| 要旨トップ | 目次 | 日本生態学会第58回全国大会 (2011年3月,札幌) 講演要旨


一般講演(ポスター発表) P1-275

絶滅危惧淡水魚類における積極的保全手法の確立―カワバタモロコのため池への再導入を例として―

*上野篤史,鈴木規慈,原田泰志

絶滅危惧ⅠB類に指定されているコイ科のカワバタモロコは、その分布域において現在も減少の一途をたどっている。特に、三重県では生息地の減少が著しく、かつて本種が広く分布していた鈴鹿川水系においても、現在の分布は一支流域の2箇所のため池に限定されている。絶滅危惧種の生息状況を改善させる積極的保全手法として、再導入が世界的に実施されている。しかしながら、日本における淡水魚の再導入事例は少なく、国内の現状に即した手法は未だ確立されていない。そこで本研究では、再導入によって積極的保全手法を確立するために、2010年6月中旬に、三重県鈴鹿川水系におけるカワバタモロコの再導入を行った。

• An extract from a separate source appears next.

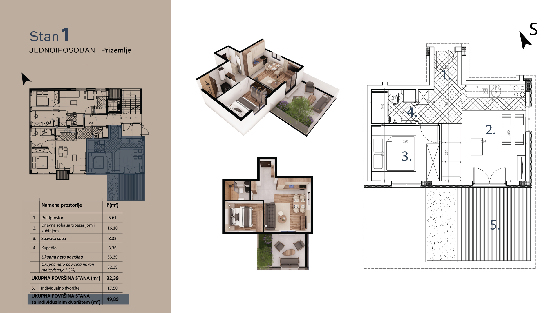 | S1 | Prizemlje | 32 m² | 1 | Dostupan | Plan stana | |

再導入地点は同流域内の4箇所のため池であり、いずれの池も、水質やプランクトン相などはカワバタモロコの生息に適していると考えられた。再導入に用いた個体は同流域のカワバタモロコ個体群より採集し、1箇所あたり雌雄各25個体を放流した。再導入に先立ち、これらの導入元個体群の個体群特性を生態学的・遺伝学的に調査し、導入元としての適正を確認するとともに、再導入のための採捕数が過大にならないように配慮した。

その後、2010年8-10月の期間に、月一回の頻度で、再導入を行ったため池における採集調査を行った。その結果、全ての池において導入個体の生存が継続的に確認され、3地点では当歳魚が確認された。再導入の成否は継続的な採集調査によって判断されるべきであるが、当歳魚が採集された池では順調に定着しつつあると考える。一方、当歳魚が確認されなかった池では、低水温や水位変動により放流個体が繁殖を行わなかった、もしくは雑食性の生物に当歳魚が捕食された可能性がある。

本報告では、再導入後に行った採集調査の結果を踏まえ、再導入手法をより適切なものとするための課題とその解決可能性について議論する。